The Cosmic Plenum: Fractals, Chaos, and Cosmic Autopoiesis
In his theory of the Implicate Order, the late quantum physicist David Bohm refers to fractals in his study of the holomovement, the plenum that powers the inner universe almost in the sense of a feedback loop of unfolding-enfolding between the implicate and explicate orders of the cosmos.
Fractal geometry shows that *shapes have self-similarity at descending scales.* Fractals can be generated by iteration; they are characterized by "infinite detail, infinite length, no slope or derivative, fractional dimension and self-similarity." Basically, the "system point folds and refolds in the phase space with infinite complexity." [John Briggs and F. David Peat, TURBULENT MIRROR, Harper & Row, 1989. p. 95]

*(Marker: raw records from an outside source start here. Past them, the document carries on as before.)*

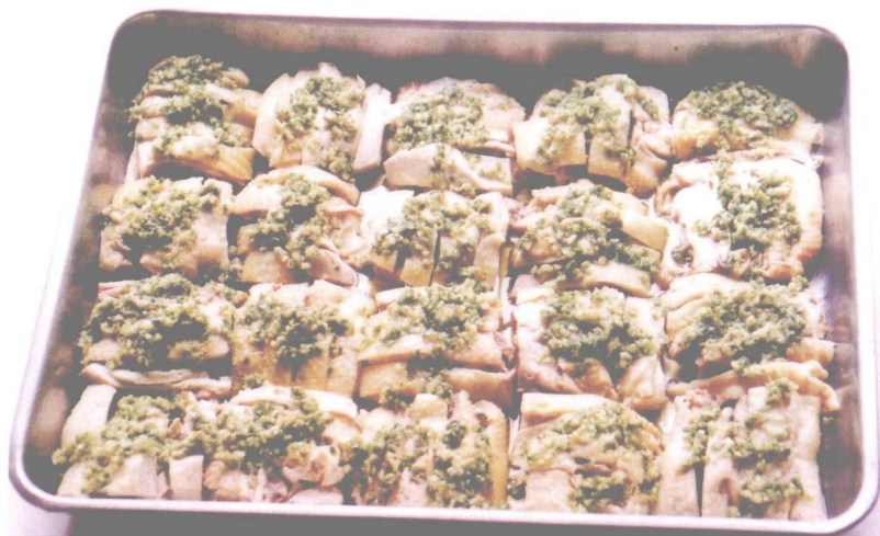
图 11 大众菜真味白切鸡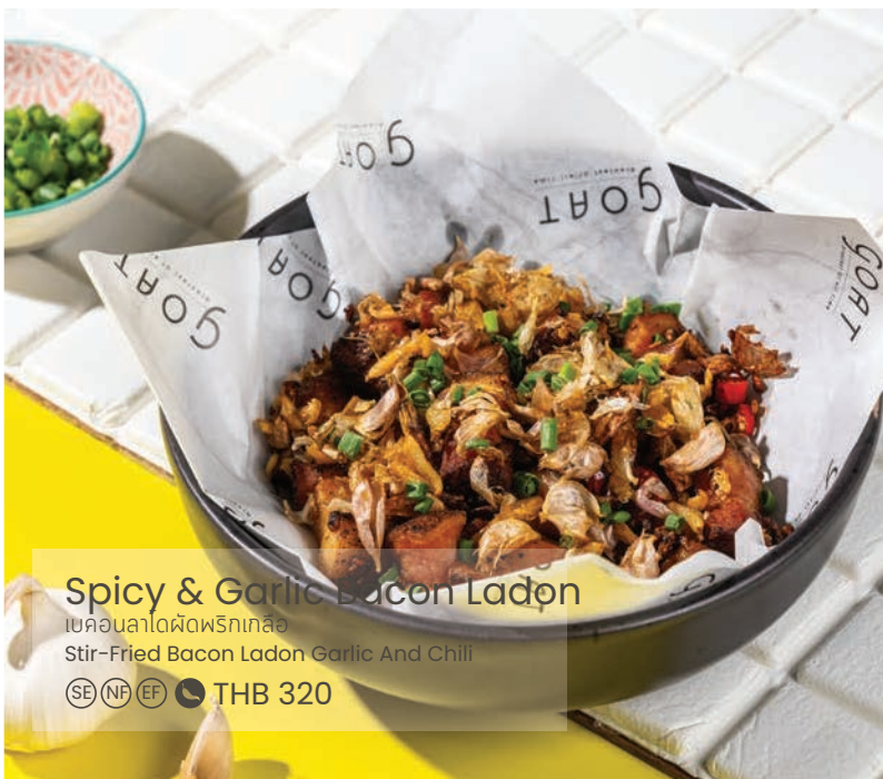
Spicy & Garlic Bacon Ladon

เบคอนผัดพริกเกลือ Stir-Fried Bacon Ladon Garlic And Chili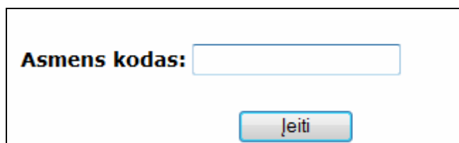
7 pav. Asmens kodo įvedimo langas

Pacientai, norintys užsiregistruoti pas apylinkės gydytoją (pas savo gydytoją), išankstinės pacientų registracijos pagrindiniame puslapyje spaudžia nuorodą „Pas apylinkės gydytoją“. Atidaromas naujas langas, kuriame reikia įvesti paciento asmens kodą ir spausti „Įeiti“.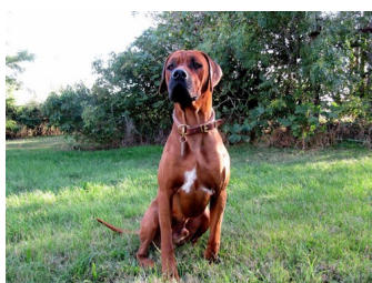
Photo: collier étrangleur chien en cuir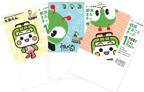
限定デザインの都営まるごときっぷ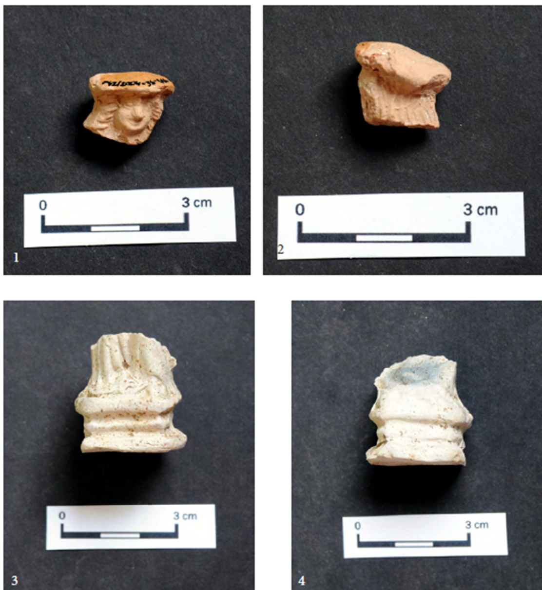
Tabulka 33. Nálezy z výzkumu na Praze 1 – Nové Město, Na Poříčí 1076; muž v baretu – 1, 2; podstava Madony – 3, 4. (Převzato z: Juřinová 2015, 142; tab. 21).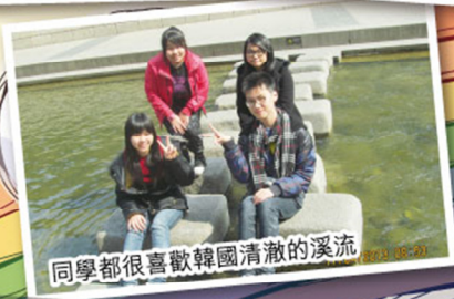
同學都很喜歡韓國清澈的溪流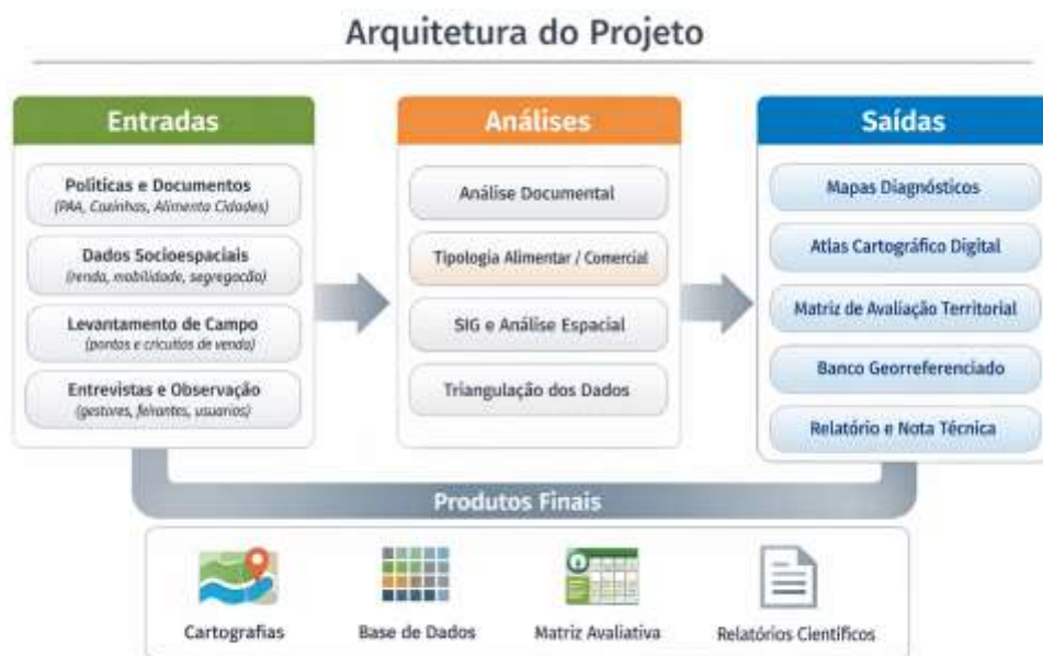
Figura 1 - Arquitetura do projeto e instrumento de avaliação territorial

Palavras-chave: Paisagens alimentares; Políticas públicas; Sistemas de abastecimento; Fome; Desigualdades socioespaciais.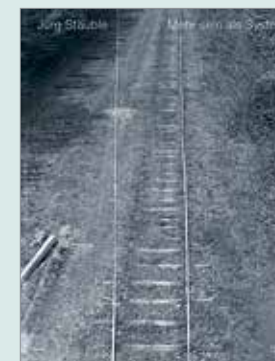
JÜRIG STÄUBLE Mehr sein als System Hatje Cantz

Trois volumes d'un coup, voilà qui ravira les fans de ce Suisse installé à New York, l'une des voix les plus fortes et significatives de la scène artistique contemporaine. Plasticien aux multiples facettes utilisant aussi bien la peinture, le dessin et la sculpture que l'installation ou la vidéo, Ugo Rondinone se plaît à tromper nos attentes, se jouant avec élégance de notre imaginaire et de nos références. Oscillant constamment entre figuration et abstraction, il pratique en maître l'art de la série et des variations sur un même thème. En témoignent ces trois ouvrages consacrés à trois de ses sujets favoris : les paysages, les horizons et les soleils. Chaque volume inclut en outre la lecture de spécialistes, dont Bice Curiger et Lionel Bovier. MD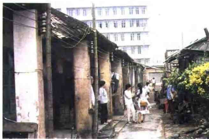
▲60年代市粮食局职工宿舍(海甸)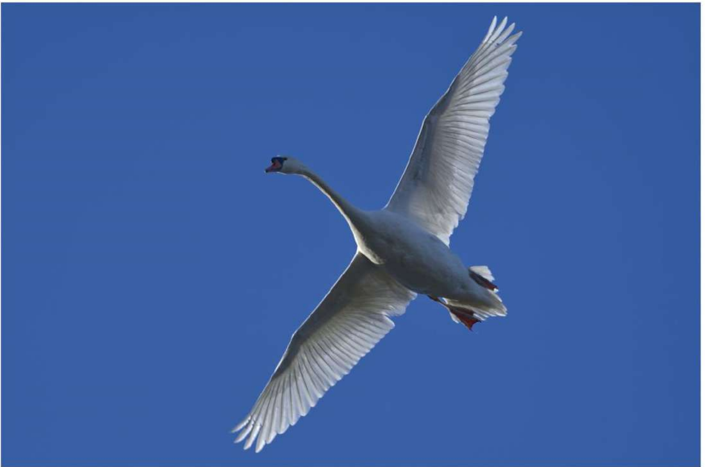
Bonhomme Henri - Cygne en vol - RPCEN Nivelles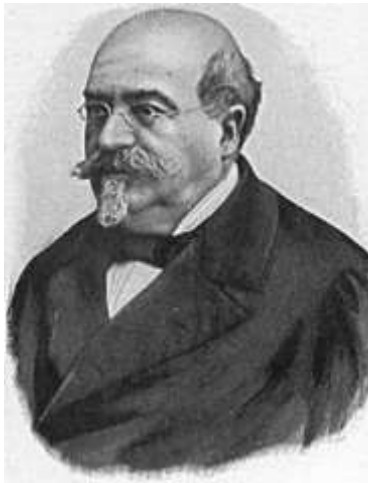
Mihail Kogălniceanu (1817–1891)

În Bucovina , Mihail Kogălniceanu redactează în august 1848 Dorințele partidei naționale în Moldova care prevedea regim liberal, reformă agrară cu despăgubire, unirea Țării Românești cu Moldova.

Benoit Mandelbrot, one of the world's mathematical giants on fractals, said that "fractal shapes of great complexity can be obtained merely by repeating a simple geometric transformation, and small changes in parameters of that transformation provokes global changes." In essence--through a predictable, orderly process the "simple iteration appears to liberate the complexity hidden within it, thus giving access to creative potential." [Ibid, p. 104]
Thus, in that misnomer called chaos theory, mathematicians and physicists have discovered an *underlying order,* a kind of memory operating in non-linear, evolving systems. Fractal geometry illustrates that shapes have self-similarity at descending scales. In other words, the form, the *information,* is enfolded--already present in the depths of the cosmos. So this is reminiscent of the Implicate Order. Iteration liberates the complexity hidden within it. It is not dissimilar to Bohm's law of holonomy: a "movement in which new wholes are emerging." [David Bohm, WHOLENESS AND THE IMPLICATE ORDER, Ark Paperbacks, 1983, pp. 156-157.]
Just as a matter of interest, a few years back I had the occasion to attend a fractals lecture/slide presentation by Mandelbrot himself. A great big, fun fellow--he showed computer-generated slides of fractal iterations, of same patterns moving into micro-infinity. Then he did something curiously wonderful!
He reversed the process, illustrating a micro-fractal moving into larger and larger scales. And, finally, when complete-- Mandelbrot flipped the fractal and what we had was the picture of a seashore and rising cliffs! This proved rather awesome for me--because it showed clearly how *information* is enfolded at the most minute level thinkable, but yet can unfold into a magnificent seascape.
This incident reminded me of that old adage that the All of us rests in the Mind of God.
Mandelbrot's fractals are the brainchild of mathematics and computer-generated technology. They help to illustrate iterations, bifurcations, creative generativity nestled in chaos theory--which as I said is a misnomer, because it's really about creating order out of chaos!
Bohm very nicely helps one see the connection between fractals, chaos theory, and cosmic generativity. Considering cosmic creativity, Bohm introduces a new concept in which he describes the Implicate Order as a kind of *generative order.* He notes that "This order is primarily concerned not with the outward side of development, and evolution in a sequence of successions, but with a deeper and more inward order out of which the manifest form of things can emerge *creatively.*" [David Bohm and F.David Peat, SCIENCE, ORDER, AND CREATIVITY, Bantam Books, 1987, p. 151.]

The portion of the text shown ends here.